You are viewing a plain text version of this content. The canonical link for it is here.
Posted to commits@lucene.apache.org by ab...@apache.org on 2017/05/23 18:00:22 UTC
[8/8] lucene-solr:jira/solr-10515: SOLR-10515 Fix enqueue/dequeue,
add javadoc and some debug logging.
SOLR-10515 Fix enqueue/dequeue, add javadoc and some debug logging.

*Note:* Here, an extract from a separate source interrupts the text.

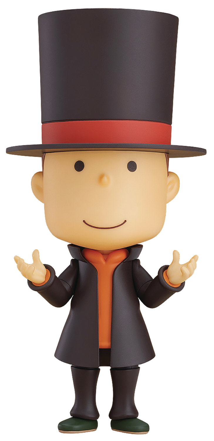 Professor Layton! He comes with three face plates including a standard expression, a smiling expression and a closed-eyes expression. He also comes with his tea set and his trunk.

Project: http://git-wip-us.apache.org/repos/asf/lucene-solr/repo
Commit: http://git-wip-us.apache.org/repos/asf/lucene-solr/commit/39464e2c
Tree: http://git-wip-us.apache.org/repos/asf/lucene-solr/tree/39464e2c
Diff: http://git-wip-us.apache.org/repos/asf/lucene-solr/diff/39464e2c
Branch: refs/heads/jira/solr-10515
Commit: 39464e2cb8dab8ad99e7e01d7b4589e948f6ff8b
Parents: c252c55
Author: Andrzej Bialecki <ab...@apache.org>
Authored: Tue May 23 19:59:34 2017 +0200
Committer: Andrzej Bialecki <ab...@apache.org>
Committed: Tue May 23 19:59:34 2017 +0200
----------------------------------------------------------------------
.../solr/cloud/autoscaling/AutoScaling.java | 3 +-
.../cloud/autoscaling/NodeAddedTrigger.java | 16 ++++----
.../solr/cloud/autoscaling/NodeLostTrigger.java | 12 +++---
.../cloud/autoscaling/ScheduledTriggers.java | 39 +++++++++++++-------
.../solr/cloud/autoscaling/TriggerBase.java | 10 +++--
.../autoscaling/TriggerIntegrationTest.java | 23 +++++++-----
6 files changed, 62 insertions(+), 41 deletions(-)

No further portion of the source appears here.